There is no comparison of the two as……..fear will always be fear….and greed will always be greed. When risk comes off ( which obviously it will…as markets cycle etc..) AUD will drop like a rock, and all the “free money” printed by Japan for example will come roaring back as it’s repatriated. This is just common sense.
We can see by way of the “high” in AUD/JPY back in April ( as I feel global markets essentially topped in May ) and it’s steady decline ever since….well over 1000 pips.
That’s largely due to the fact that his rally is being sold ( hard ).This “prior” to any obvious drop / change in sentiment / risk coming off.
I’ll leave it to you to envision where the pair will be when global risk appetite “seriously wanes”.
I understand that, but before talking about how AUD/JPY has fallen by over 1,000 pips from the top, look at the chart and see how it did so after climbing 4,000 pips from the bottom and 2,000 pips from where it was very recently. Look at a long term chart, say 20 years, taking into consideration that the cost of carry is in favor of the AUD and was actually much wider in previous years. Are you really sure you are willing to bet against the AUD in favor of the JPY? People already realize Japan is in collapse and are actually trying to leave to actual safe havens. Japan is not a safe haven, it is a creditor. That means the JPY is kept afloat by the carry trade. If capital is sold and used to buy back yens, the japanese lose their actual assets (foreign investments) and get in exchange a short period during which that sale is able to fund imports. If the japanese lose their assets, the current account for Japan goes negative. If the current account goes negative, the interest rate goes up, which cannot happen because they cannot actually pay higher interest rates. This means they cannot pay for imports. This means they cannot buy LNG with which to power the robots working in their factories. The Bank of Japan is aggressively attempting to do the exact opposite. You may be able to time a short but I think the odds of such a trade going wrong are simply disproportionate to the possible reward. Unless you have a crystal ball, in which case everything I’m saying is meaningless.
Again….great insight Andre.
I don’t “invest” / hold a given currency for any length of time so….yes I will bet against the yen…as I have previously bet “on” the yen….then back and fourth, then back and fourth again. I believe it’s called “trading”.
My long term fundamental analysis / knowledge offers insight into the long term trends / future moves in currencies sure…but I “trade” far shorter term.
My long term view that essentially “all fiat currencies” are heading for the basement doesn’t do me much good when I’m planning my next travel adventure does it?
I trade what I see, and what do you know! – AUD move “lower” just paid for Bolivia.
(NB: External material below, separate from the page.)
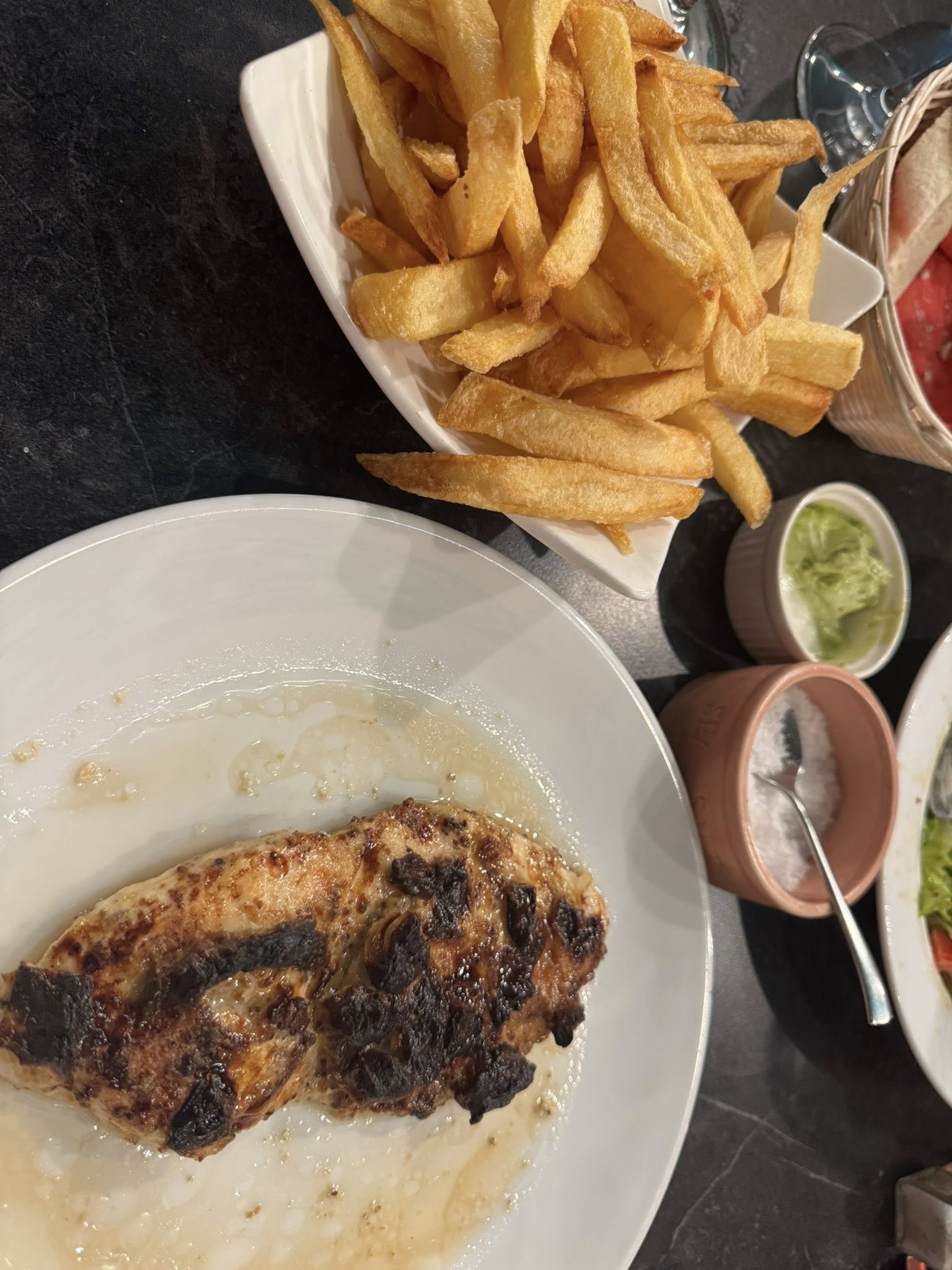 Η παρέα μου παρήγγειλε στήθος κοτόπουλου μαριναρισμένο σε γιαούρτι και μπαχαρικά, το οποίο ήταν εξίσου γευστικό, με πλούσια υφή και άρωμα. Οι τηγανητές πατάτες που ήρθαν ξεχωριστά είχαν σαφώς γαλλική εσάνς και έδεναν τέλεια με τα υπόλοιπα πιάτα.

Keep up the good work man.
Watching this debate has been fun, however it doesn’t matter what Andre’s view on the AUD fair value is, its not going to see parity again for a while (a very long while). At present there is just too much cross selling against it – EURAUD, GBPAUD and AUDNZD – the volume on the Yen cross is not enough to cause the AUD to bounce given the volumes on these other pairs. And the fundamentals are pointing in the wrong direction. Even a USD collapse won’t produce a move to parity. And the COT has shown no change in net spec positions (36k short) inspite of a 190 pip fall last week.
With respect Andre also makes some odd assertions about a lower AUD and competitiveness and a saner political system – he’s obviously not from around here!
Only the tech’s are suggesting any bounce for the AUD as its oversold, but allowing that to unwind still means its headed for sub 0.9000 by year end and low 0.800’s next year. Any “buying opportunity” is for day traders and mean reverters only, for trend traders its a one way ticket.
And the floor is yours Deano!
I couldn’t have come close to as concise (and ever so polite) an explanation.